- [Material for the task]
######
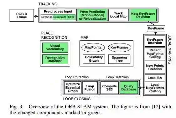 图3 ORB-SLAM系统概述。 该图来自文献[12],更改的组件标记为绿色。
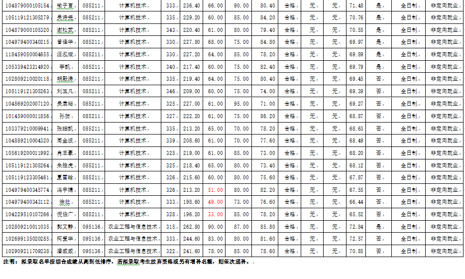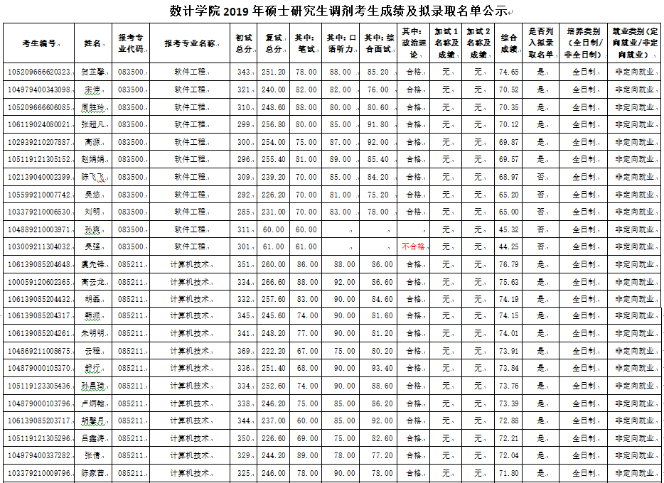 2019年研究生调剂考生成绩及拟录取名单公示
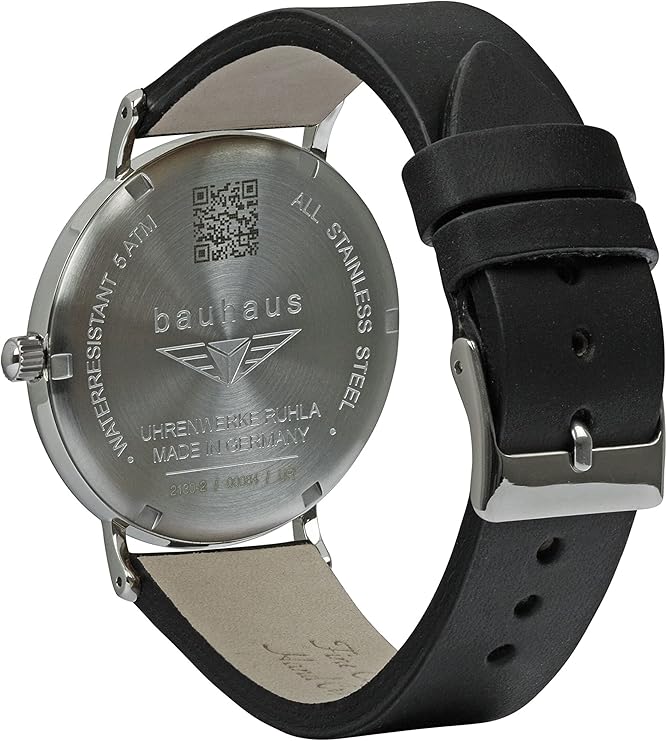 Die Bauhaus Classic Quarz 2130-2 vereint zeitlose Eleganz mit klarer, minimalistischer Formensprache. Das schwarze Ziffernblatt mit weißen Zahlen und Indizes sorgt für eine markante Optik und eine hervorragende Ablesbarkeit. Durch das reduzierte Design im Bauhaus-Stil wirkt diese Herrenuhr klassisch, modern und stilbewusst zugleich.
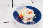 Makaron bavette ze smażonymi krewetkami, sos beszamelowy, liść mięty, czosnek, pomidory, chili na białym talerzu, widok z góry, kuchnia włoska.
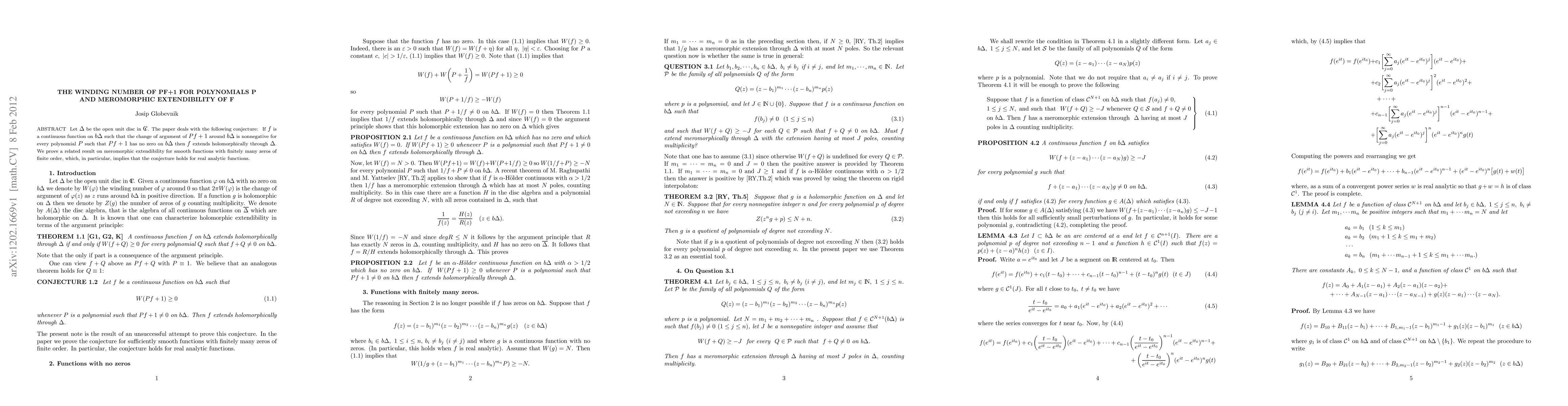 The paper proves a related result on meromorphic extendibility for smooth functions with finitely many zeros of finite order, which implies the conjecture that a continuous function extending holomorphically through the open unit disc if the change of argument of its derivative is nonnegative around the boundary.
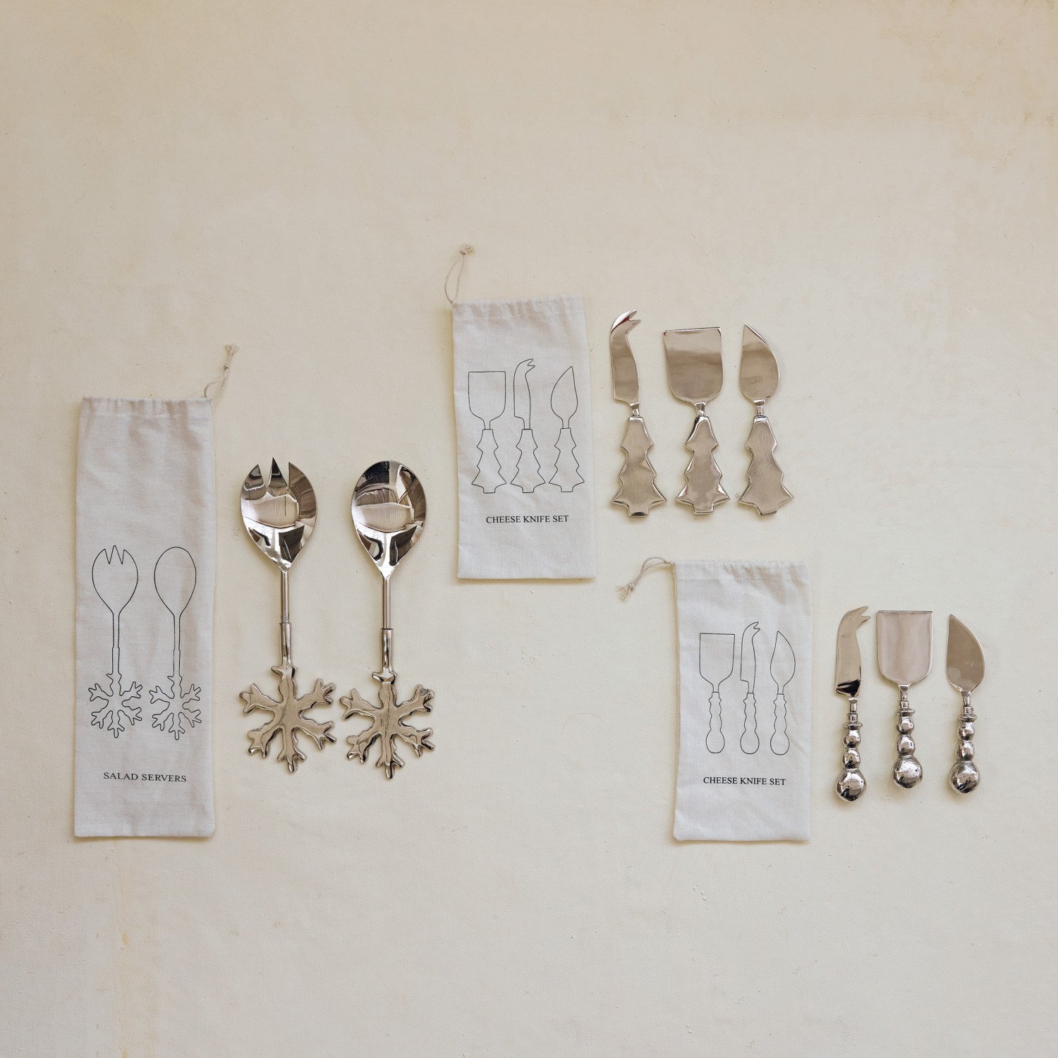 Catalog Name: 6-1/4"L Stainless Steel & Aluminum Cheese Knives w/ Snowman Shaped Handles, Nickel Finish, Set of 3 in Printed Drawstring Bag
######
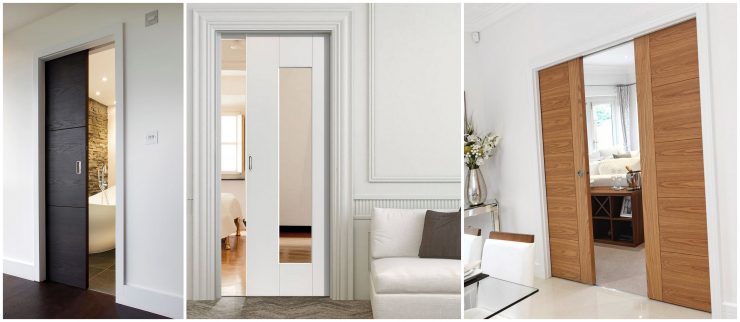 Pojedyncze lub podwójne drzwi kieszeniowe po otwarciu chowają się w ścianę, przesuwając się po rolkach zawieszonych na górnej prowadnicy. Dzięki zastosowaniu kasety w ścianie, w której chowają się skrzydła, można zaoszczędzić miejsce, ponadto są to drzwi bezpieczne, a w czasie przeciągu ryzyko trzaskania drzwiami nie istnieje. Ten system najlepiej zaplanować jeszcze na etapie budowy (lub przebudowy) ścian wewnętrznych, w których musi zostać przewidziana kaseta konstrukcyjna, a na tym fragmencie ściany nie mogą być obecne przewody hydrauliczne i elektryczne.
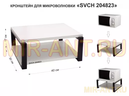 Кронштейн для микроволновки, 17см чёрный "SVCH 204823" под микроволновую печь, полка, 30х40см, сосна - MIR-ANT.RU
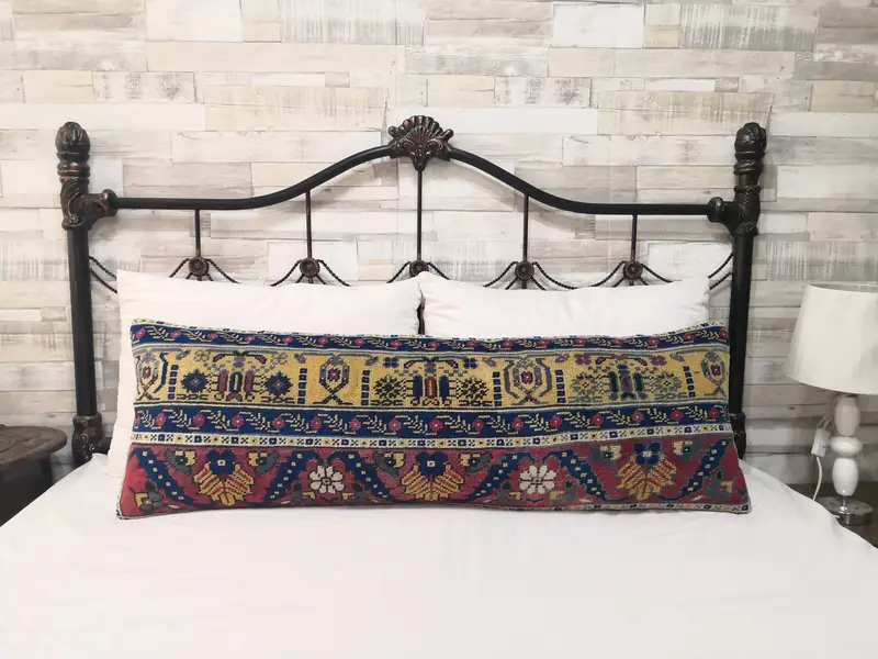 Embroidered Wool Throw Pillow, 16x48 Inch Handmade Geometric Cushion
######
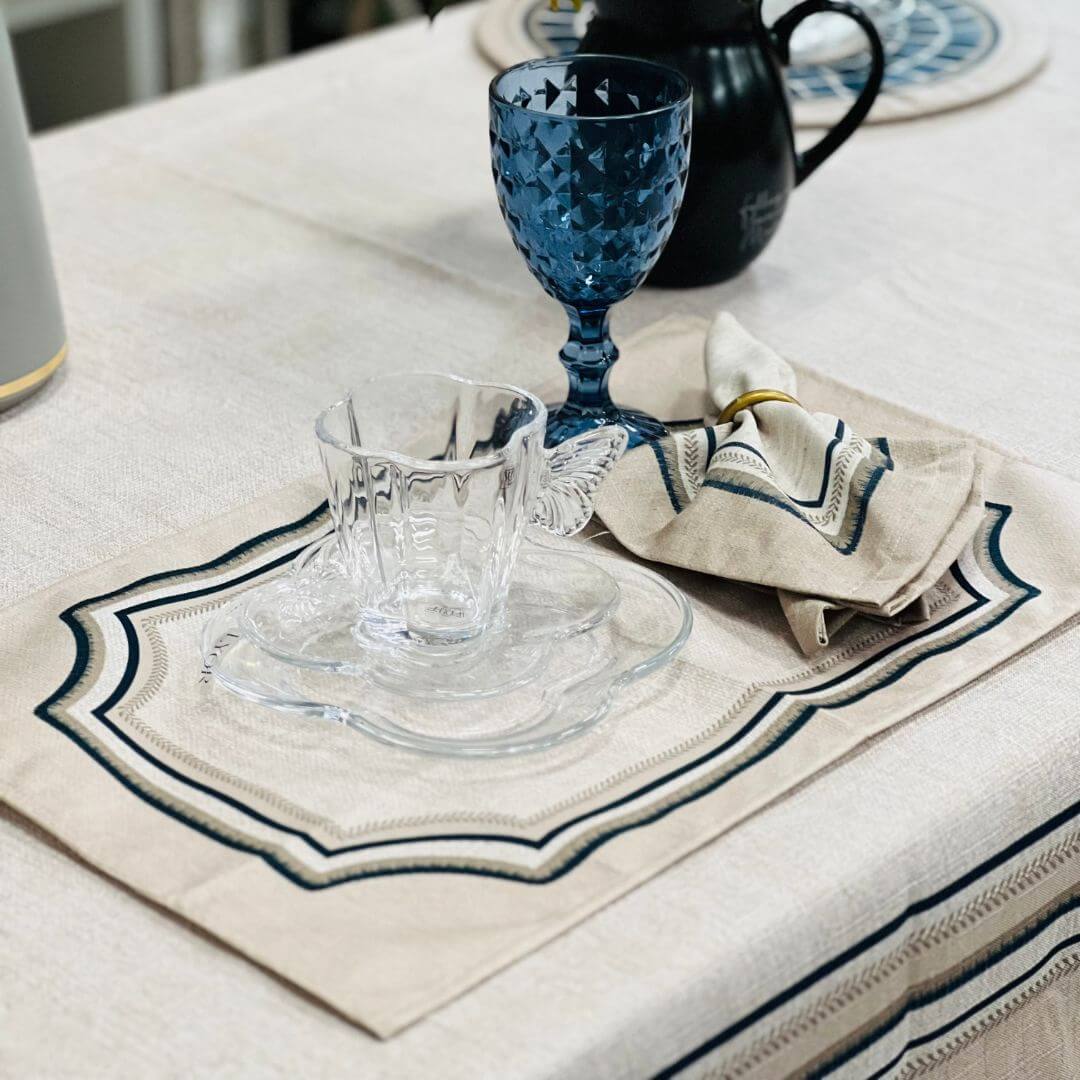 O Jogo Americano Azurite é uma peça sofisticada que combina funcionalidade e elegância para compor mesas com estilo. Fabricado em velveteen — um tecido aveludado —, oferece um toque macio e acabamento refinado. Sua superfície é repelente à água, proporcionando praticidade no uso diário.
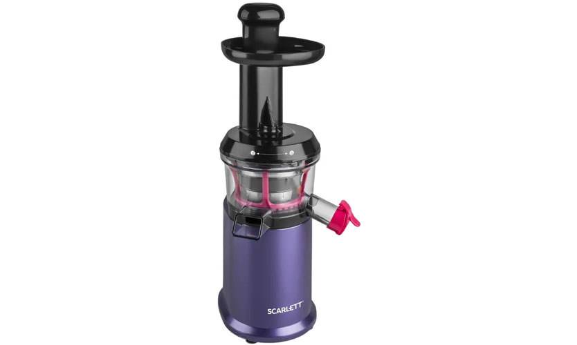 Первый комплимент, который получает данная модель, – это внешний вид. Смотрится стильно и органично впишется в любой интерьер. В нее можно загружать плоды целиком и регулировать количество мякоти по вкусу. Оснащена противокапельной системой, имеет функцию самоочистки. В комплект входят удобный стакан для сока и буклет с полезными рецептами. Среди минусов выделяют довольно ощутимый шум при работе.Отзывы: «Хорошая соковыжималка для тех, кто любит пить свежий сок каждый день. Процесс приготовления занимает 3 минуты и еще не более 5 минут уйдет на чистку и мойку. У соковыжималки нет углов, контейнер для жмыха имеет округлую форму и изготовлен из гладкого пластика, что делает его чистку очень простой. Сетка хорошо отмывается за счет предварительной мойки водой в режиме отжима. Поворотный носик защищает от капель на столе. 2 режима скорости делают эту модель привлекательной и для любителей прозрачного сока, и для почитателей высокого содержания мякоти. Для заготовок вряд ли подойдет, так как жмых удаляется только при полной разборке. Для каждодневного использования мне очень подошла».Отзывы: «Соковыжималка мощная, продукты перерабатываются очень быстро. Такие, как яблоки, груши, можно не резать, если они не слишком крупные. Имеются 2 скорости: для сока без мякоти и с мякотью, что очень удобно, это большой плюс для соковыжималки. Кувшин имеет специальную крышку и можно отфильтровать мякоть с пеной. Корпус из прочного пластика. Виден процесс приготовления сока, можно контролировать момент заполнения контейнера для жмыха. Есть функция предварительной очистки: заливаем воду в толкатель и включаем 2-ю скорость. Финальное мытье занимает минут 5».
######
- [Work item] In the listing above, find the line with "Die Bauhaus Classic" and the line with "The paper proves". Transcribe those two and everything between, exactly, leaving out pictures.

- [Written response]
 Die Bauhaus Classic Quarz 2130-2 vereint zeitlose Eleganz mit klarer, minimalistischer Formensprache. Das schwarze Ziffernblatt mit weißen Zahlen und Indizes sorgt für eine markante Optik und eine hervorragende Ablesbarkeit. Durch das reduzierte Design im Bauhaus-Stil wirkt diese Herrenuhr klassisch, modern und stilbewusst zugleich.
 Makaron bavette ze smażonymi krewetkami, sos beszamelowy, liść mięty, czosnek, pomidory, chili na białym talerzu, widok z góry, kuchnia włoska.
 The paper proves a related result on meromorphic extendibility for smooth functions with finitely many zeros of finite order, which implies the conjecture that a continuous function extending holomorphically through the open unit disc if the change of argument of its derivative is nonnegative around the boundary.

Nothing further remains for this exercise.